▸ **WHAT YOU NEED TO DO**: Apart from the images, output the data below exactly.
***
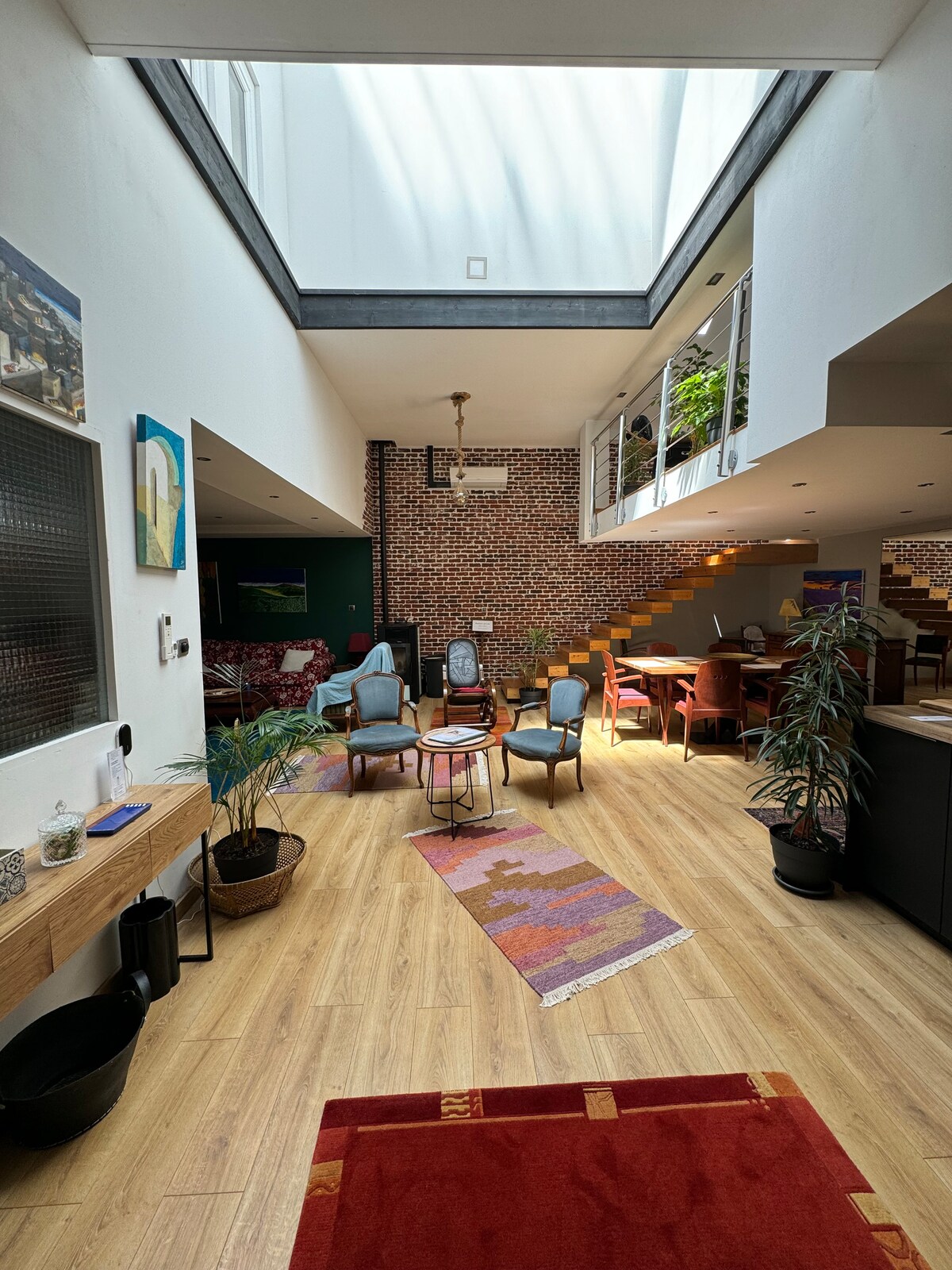 Welcome to our unusual loft in Vichy, ideal for seasonal stays. Very spacious (220 m2) and bright, close to parks and shops. Loft with fully-equipped kitchen, relaxing lounge, home office, one air-conditioned bedroom (Queensize bed) and three quiet sleeping areas, two spacious bathrooms with 4 showers, whirlpool bath and separate sauna. Perfect for couples, families or groups (1 to 8 people). No noisy events to preserve the tranquillity of the neighbourhood.
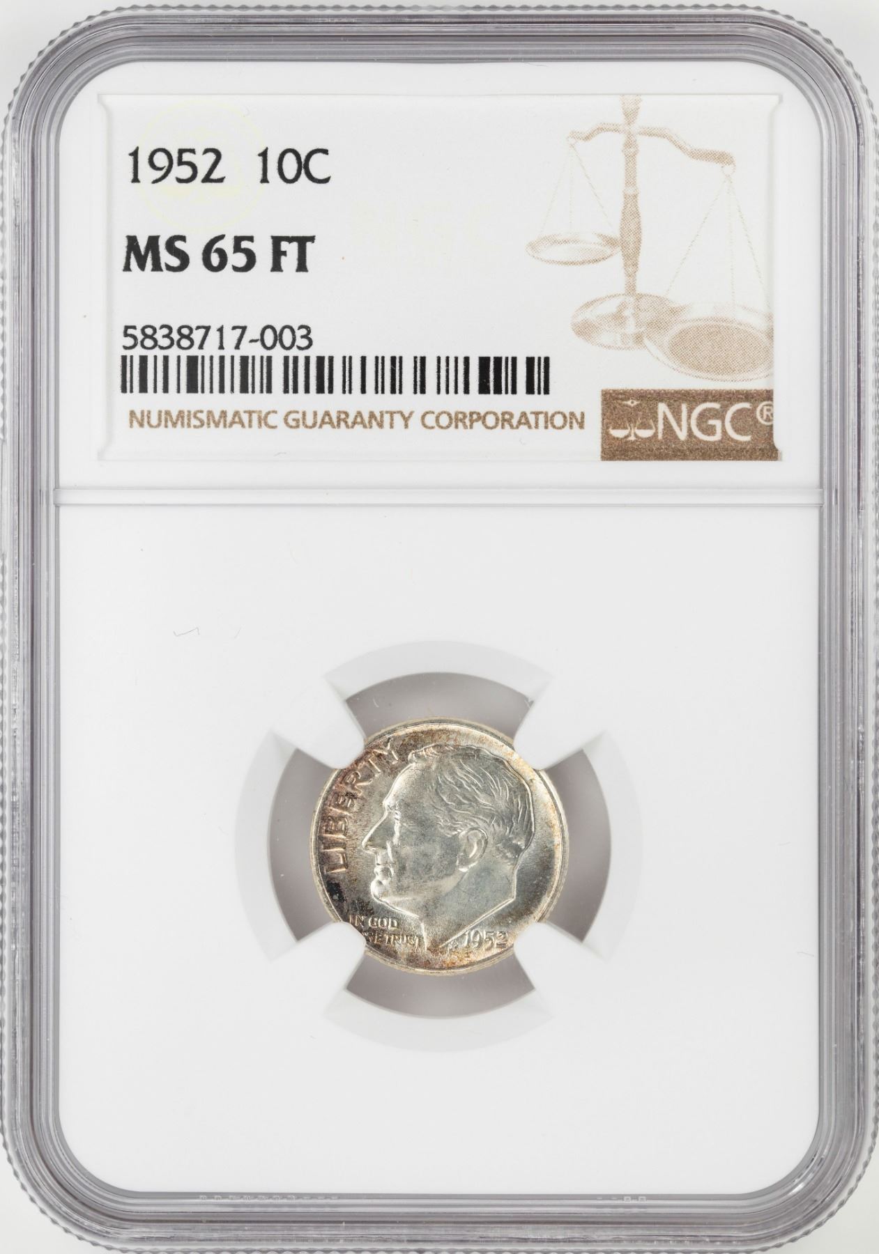 One 1952 Roosevelt Dime Coin NGC MS65FT.
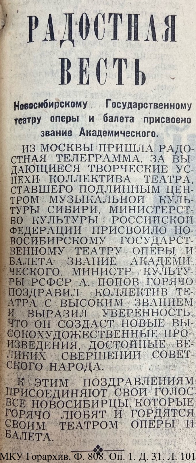 60 лет назад (1964) газета «Вечерний Новосибирск» опубликовала сообщение о присвоении звания академического Новосибирскому государственному театру оперы и балета (ныне – НГАТОиБ, НОВАТ).
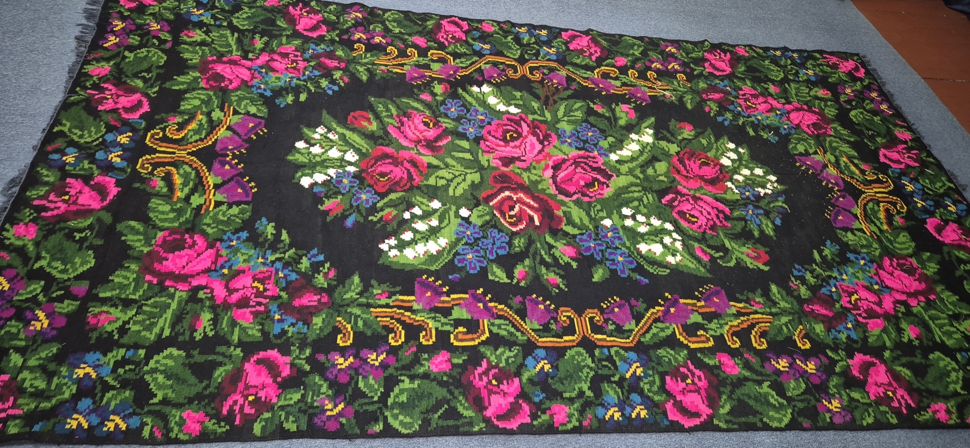 Covorul tradițional moldovenesc este o piesă de artă populară din lână, țesută manual, caracterizată prin motive florales.a. Acest covor are un chenar decorativ, iar compoziția centrală prezintă buchete de flori.
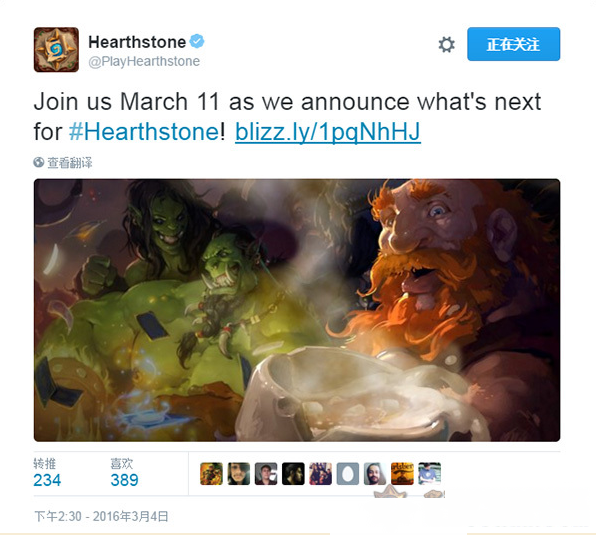 炉石传说官推在今天公布了新版本预告时间:3月11日我们就能了解到炉石传说新版本的内容了!
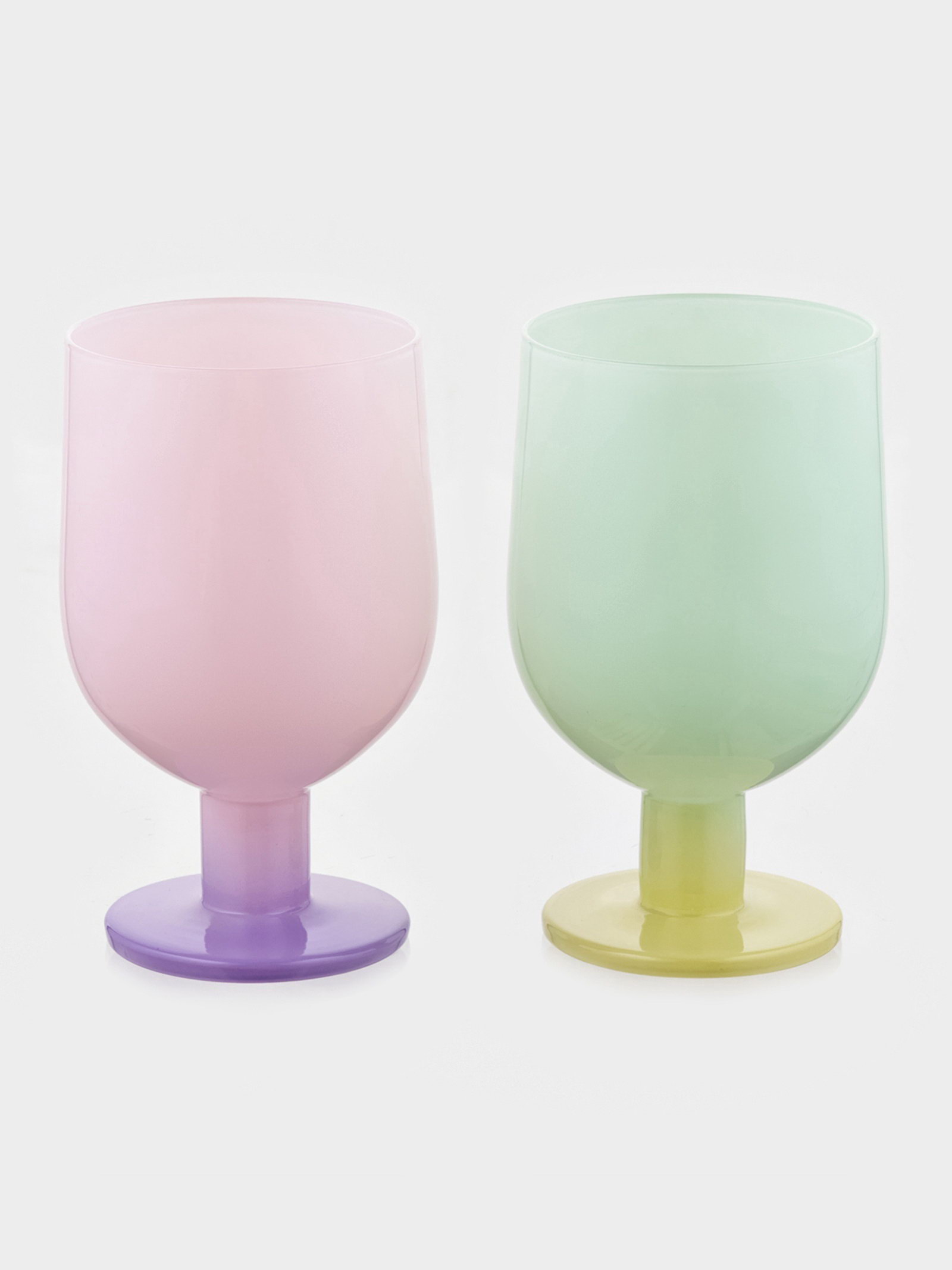 Бокалы для вина Pint, 350 мл, 7.2x12.8 см, набор 2 шт., стекло, розовые, зелёные, 7.2x7.2x12.8 см., Китай
***
▸ **REPLY TO THE TASK**:
 Welcome to our unusual loft in Vichy, ideal for seasonal stays. Very spacious (220 m2) and bright, close to parks and shops. Loft with fully-equipped kitchen, relaxing lounge, home office, one air-conditioned bedroom (Queensize bed) and three quiet sleeping areas, two spacious bathrooms with 4 showers, whirlpool bath and separate sauna. Perfect for couples, families or groups (1 to 8 people). No noisy events to preserve the tranquillity of the neighbourhood.
 One 1952 Roosevelt Dime Coin NGC MS65FT.
 60 лет назад (1964) газета «Вечерний Новосибирск» опубликовала сообщение о присвоении звания академического Новосибирскому государственному театру оперы и балета (ныне – НГАТОиБ, НОВАТ).
 Covorul tradițional moldovenesc este o piesă de artă populară din lână, țesută manual, caracterizată prin motive florales.a. Acest covor are un chenar decorativ, iar compoziția centrală prezintă buchete de flori.
 炉石传说官推在今天公布了新版本预告时间:3月11日我们就能了解到炉石传说新版本的内容了!
 Бокалы для вина Pint, 350 мл, 7.2x12.8 см, набор 2 шт., стекло, розовые, зелёные, 7.2x7.2x12.8 см., Китай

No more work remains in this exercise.